U.S. multinational companies' assets and sales increased in 1987, but their employment was virtually unchanged. This pattern partly reflected the fact that assets and sales, which are monetary measures of multinational company (MNC) operations, were boosted by inflation and dollar depreciation, whereas employment was not. Also, for assets, growth by U.S. parent companies was concentrated in the finance and insurance industries, in which assets per employee are very high.

For monetary measures, growth rates were higher for foreign affiliates than for U.S. parents, reflecting the impact of dollar depreciation on the value of affiliate assets, sales, and other items. For employment, the pattern was the reverse: Employment increased slightly for U.S. parents but decreased slightly for affiliates.

For both U.S. parents and their majority-owned foreign affiliates, sales of services grew faster than sales of goods. For the affiliates, local sales (that is, sales to customers located in the country of the affiliate) accounted for most of the growth in sales of both goods and services.

This article discusses these and other highlights of U.S. MNC operations in 1987. The discussion focuses on selected measures of MNC operations-assets, sales, U.S. merchandise trade, and employment. A number of other measures were also collected in the annual BEA survey upon which the estimates are based. Some of them are shown in the accompanying tables; others are available in separate publications and on diskettes (see box). All of the estimates cover nonbank U.S. parent companies and their nonbank foreign affiliates.

Classification changes.-For individual industries, year-to-year movements in the measures of operations, particularly for U.S. parents, were affected by industry reclassifications. Each year, classifications of some parents and affiliates change because their mix of activities changes. In 1987, two large, diversified U.S. parents that had been classified in petroleum wholesale trade were reclassified, one into transportation and one into transportation equipment manufacturing. A few additional changes in industry classification of U.S. parents occurred because the 1987 benchmark survey of foreign direct investment in the United States provided new information, by industry, on the activities of companies that are both U.S. affiliates of foreign companies and U.S. parents of foreign affiliates.

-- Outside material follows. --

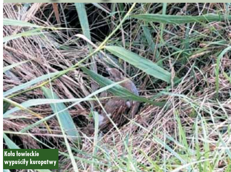
Koła łowieckie wypuściły kuropatwy

27 lipca br. odbyło się wypuszczenie przez koła łowieckie zakupionych przez Powiat Kępiński za kwotę 15.042 zł kuropatw szarych w ilości 327 sztuk dla kół, z którymi Powiat

Changes in classification in 1987 also resulted from revisions BEA made to its industry coding system for international surveys to align the codes with the revised 1987 Standard Industrial Classification. Although the changes did not affect most published levels of industry detail, they substantially affected manufacturing of instruments and related products and radio, television, and communication equipment manufacturing. Companies engaged in manufacturing search, detection, navigation, and guidance systems were reclassified from radio, television, and communication equipment (part of electric and electronic equipment) into instruments and related products (part of "other manufacturing"). Several large U.S. companies were affected by this change; thus, measures of U.S. parent activity in 1987 decreased in the former industry and increased in the latter.


Total worldwide assets of U.S. MNC's increased 12 percent in 1987, to $5,282 billion (table 1). Assets of U.S. parent companies increased 10 percent, to $4,184 billion, and assets of their foreign affiliates increased 18 percent, to $1,098 billion.

Nearly 60 percent of the increase in assets of U.S. parents was accounted for by parents in finance (except banking), insurance, and real estate (FIRE); most of the remainder-35 percent-was accounted for by parents in manufacturing. For parents in FIRE, the increase was largely in finance (except banking). It reflected increases in the value of brokerage firms' purchases of securities with advance agreement to resell them and in transactions involving mergers, acquisitions, and other corporate reorganizations. Both types of activities tended to be financed primarily through borrowed funds; increases in owners' equity financed only 6 percent of the increase in assets.

In manufacturing, the largest increases in assets of U.S. parents were in transportation equipment, chemicals, and instruments and related products. In transportation equipment, the increase partly reflected increases in assets of domestic finance subsidiaries of U.S. auto manufacturers. (Such subsidiaries, which are established to extend credit to car buyers, are consolidated or aggregated in the reports of auto manufacturers.) In chemicals, the increase reflected merger and acquisition activity, as well as expansion of existing operations. In instruments, the increase largely reflected the aforementioned reclassifications of parents to this industry from radio, television, and communication equipment manufacturing.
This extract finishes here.